Book Review on Leblanc’s Random Family

Random Family by Adrian Nicole Leblanc
Random Family by Adrian Nicole Leblanc

Adrian Nicole Leblanc spent a decade reporting on the lives of urban street kids and their families in the South Bronx.

It all started in the early 1990s when a clip in Newsday about the trial of a heroin dealer by the name of Boy George grabbed her attention. The trial gave wings to Leblanc’s book, Random Family: Love, Drugs, Trouble, and Coming of Age in the Bronx.

Random Family is a nonfiction account about residents searching for hope through the lenses of Boy George, his beautiful and adventurous girlfriend, Jessica, her clever brother Cesar, and his first love, Coco. None of these characters had extraordinary lives. The book is about making the best out of the raw circumstances life has dealt them. The theme of the book is about moving forward with life, taking charge of your own identity and being accountable for your own mistakes.

The interconnected lives of the main characters followed a general storyline. They partied, had sex, birthed children, did drugs, sold drugs and either went to or visited someone in prison. They all got into trouble, coped with it and found ways to move on with life.

The reason Jessica could not find a man who treated her like a queen is because she never knew the definition of self-love. She threw her voluptuous body at every man she was attracted to and gave her heart away for free. Every time, she was left to contemplate why no one showed her the love she longed for. She loved Boy George, but still flirted on the side.

Jessica was a confused woman who acted just to please a man. She longed for attention and Boy George gave her all the attention she needed in the form of material things. Loving Boy George cost Jessica her freedom and her children. Jessica was still a child at heart, searching for love in all the wrong places. Overall, she was my favorite character and the most relatable because she had a bubbly personality and was, at heart, a good girl. She just got caught up in fast money and the drug world.

As the story unfolds, there is a cycle. When Cesar and Boy George were locked up, Jessica and Coco maintained a sense of loyalty to their “husbands.” They wrote, got tattoos and stayed emotionally drained. They lived their lives through these other people. Also, Lourdes, Jessica’s mother, continued to do drugs. She saw where it got her daughter, Jessica, but continued to go down that road. The children of Coco and Jessica grew up too fast. Little Star was forced to be a mother and had to deal with the complex world she lived in.

The book was cleverly written. At times I forgot that it was a nonfiction account. The story was full of detail and imagery. It was as if I was there at the clinics, prison or at the public housing projects.

As a reader, I was riveted when Boy George set up shop as a drug lord, got caught and the police shut the whole “Obsession” operation down. I wanted the plot to thicken and the drama to overflow, but this was not a drama. This was someone’s reality.
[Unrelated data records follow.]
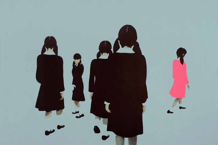 Лаконичные картины, выполненные в спокойной гамме, кажется, исследуют пугающую пустоту повседневности. Лишенные всякой детализации, работы польского мастера выглядят одновременно тревожными и умиротворяющими. Названия художник подбирает под стать: «На берегу» («On the shore»), «В школе» («At school»), «Влюбленные» («Lovers») - односложные и простые, они будто бы подтверждают, что ничего не происходит: предсказуемость и пустота.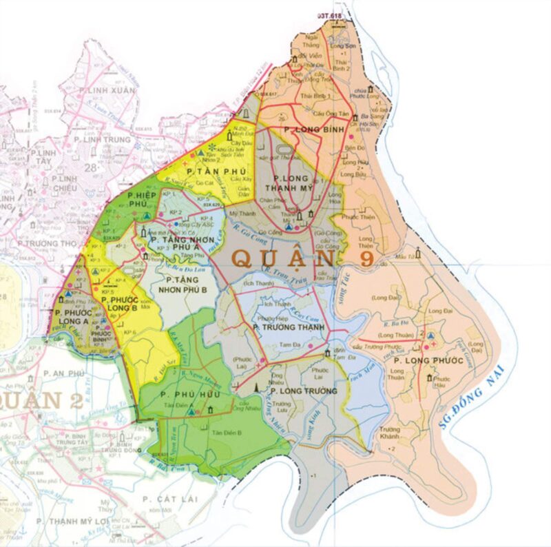 Các phường: Long Bình, Long Phước, Phú Hữu, Long Trường, Hiệp Phú, Tăng Nhơn Phú A – B, Phước Long A – B, Long Thạnh Mỹ, Trường Thạnh.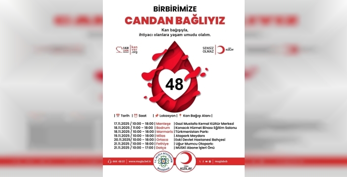 Muğla Büyükşehir Belediyesi, 17-21 Kasım'da Kızılay'a destek için il genelinde kapsamlı kan bağışı kampanyası düzenliyor. 7 ilçede kurulacak noktalarda belediye çalışanları ve halkın katılımı hedefleniyor.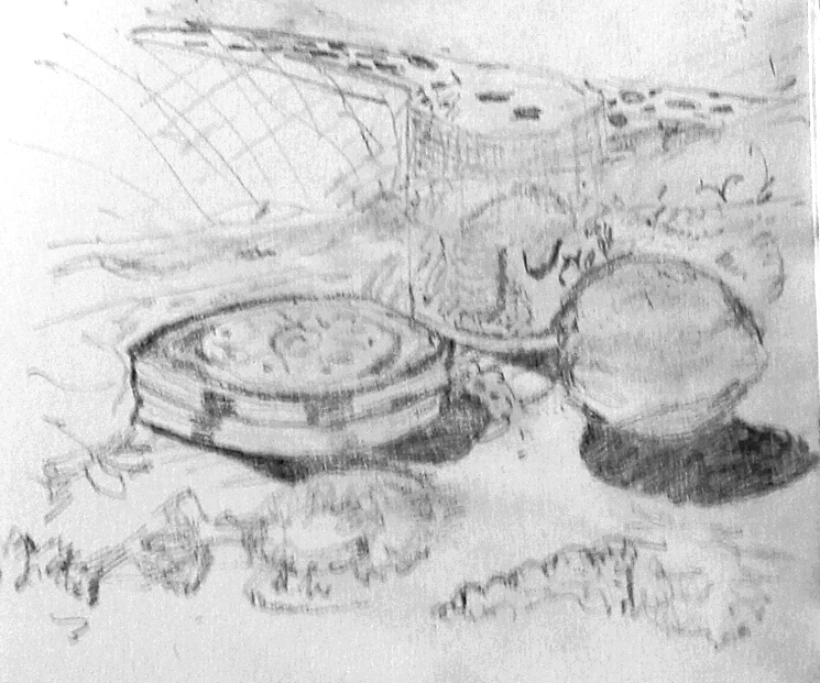 Washes of dilute ink, watercolour or “dry” washes of pastel add tone and atmosphere, and all the little marks can add further descriptions of the main players and introduce smaller ones. These little marks may suggest the ageing process whether in a face or a piece of driftwood. Shells and stones carry the marks of their history, growth lines or pits made by burrowing worms etc. Likewise the barks of trees can bear growth marks, further enriched by the growth of lichens.and fungi; the minor characters.

While reading, I took frequent steps back to analyze the book from the standpoint of an education reporter. I realized that without education, things seem to spiral out of control. When Coco had Cesar’s first child, she made the decision to stop pursuing school. Without school, Coco did not graduate and was not able to financially support her children. She was forced to get assistance from the government because she had no other options available.

Random Family gives the reader insight into life is as a single mother struggling to survive in the absence of male role models and education.  Jessica and Coco ended up with tainted hearts full of regrets.